Complete step by step answer:



The speed of the boat is u m/s, speed of the river stream rises proportional to its distance from the bank and is maximum at the centre of the river and it has a value of $v_0$ m/s.
Velocity of the boat in y-direction (i.e. perpendicular to the flow),
${v_y} = \dfrac{{dy}}{{dt}}$
$\dfrac{{dy}}{{dt}} = u$...................(1)
Velocity of the boat in x-direction (i.e. along the flow of stream), consider the stream at a distance y from the bank having velocity $v_x$. By similarity of triangles we can say,
$\dfrac{{{v_x}}}{y} = \dfrac{{{v_0}}}{{\left( {c/2} \right)}} \Rightarrow {v_x} = \dfrac{{2{v_0}}}{{cy}}$
${v_x} = \dfrac{{dx}}{{dt}} \Rightarrow \dfrac{{dx}}{{dt}} = \dfrac{{2{v_0}}}{{cy}}$.................(2)
Divide equation (1) by equation (2) we get,
$\dfrac{{dy}}{{dx}} = \dfrac{{uc}}{{2{v_0}y}}$
Rearranging and integrating above equation,
$\int\limits_0^y {ydy = } \dfrac{{uc}}{{2{v_0}}}\int\limits_0^x {dx} $
${y^2} = \dfrac{{ucx}}{{{v_0}}}$................ (3)
Putting $y = \dfrac{c}{2}$in the above equation we get,
$x = \dfrac{{c{v_0}}}{{4u}}$
Also, for the total distance travelled in x-direction $x_{net}$ is given by,
${x_{net}} = 2x \Rightarrow {x_{net}} = \dfrac{{c{v_0}}}{{2u}}$..................(4)

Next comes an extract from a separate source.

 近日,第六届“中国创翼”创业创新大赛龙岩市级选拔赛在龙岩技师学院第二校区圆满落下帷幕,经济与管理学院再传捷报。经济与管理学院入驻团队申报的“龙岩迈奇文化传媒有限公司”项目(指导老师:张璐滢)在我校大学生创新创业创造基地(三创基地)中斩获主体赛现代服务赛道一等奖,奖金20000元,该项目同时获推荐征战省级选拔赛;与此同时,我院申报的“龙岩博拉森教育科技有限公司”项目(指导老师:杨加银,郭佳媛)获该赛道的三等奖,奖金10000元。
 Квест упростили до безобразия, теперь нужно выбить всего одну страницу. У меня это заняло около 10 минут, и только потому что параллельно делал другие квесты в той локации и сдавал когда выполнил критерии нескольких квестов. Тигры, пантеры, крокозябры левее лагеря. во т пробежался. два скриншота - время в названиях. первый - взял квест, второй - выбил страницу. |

But total distance travelled in x-direction due to the river current is given in the problem as,
${x_{net}} = \dfrac{{bc{v_0}}}{{2u}}$..................(5)

Comparing equations (4) & (5) we get, $b = 1$.

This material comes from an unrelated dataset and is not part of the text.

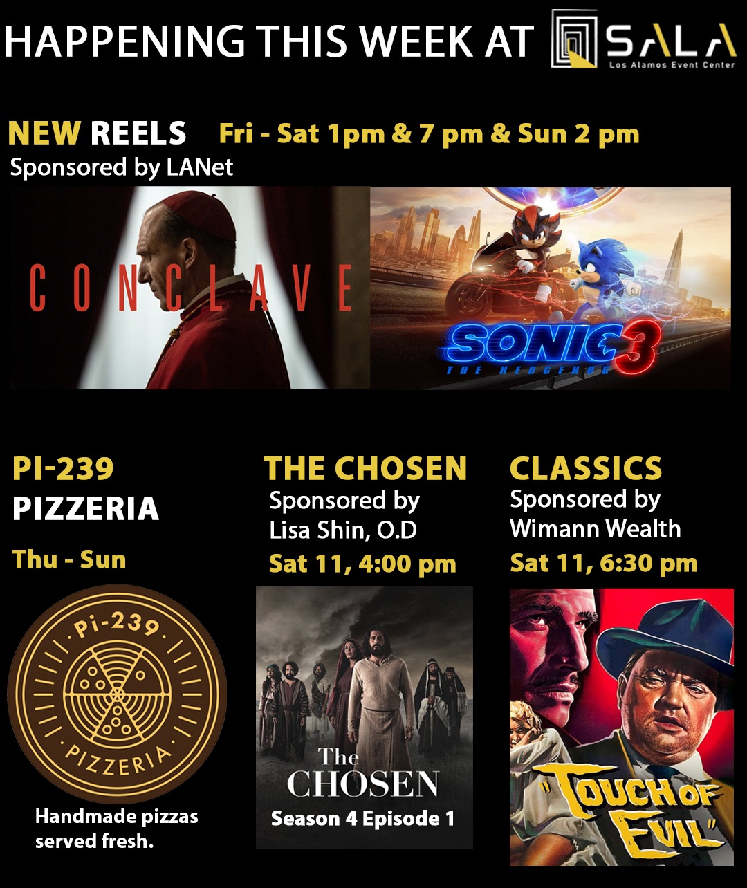 SALA Event Center invites movie enthusiasts and families to another exciting week of captivating films, thrilling premieres, and heartwarming classics. With something for everyone, SALA continues to be the premier destination for entertainment in Los Alamos.

Note: The triangle shown in the figure signifies the linear variation of the velocity of river current with respect to its distance from the banks of the river. So at any arbitrary distance y we can calculate the velocity of the river current, by using the equation ${v_x} = \dfrac{{2{v_0}}}{{cy}}$ which was derived by applying the concept of similarity of triangles.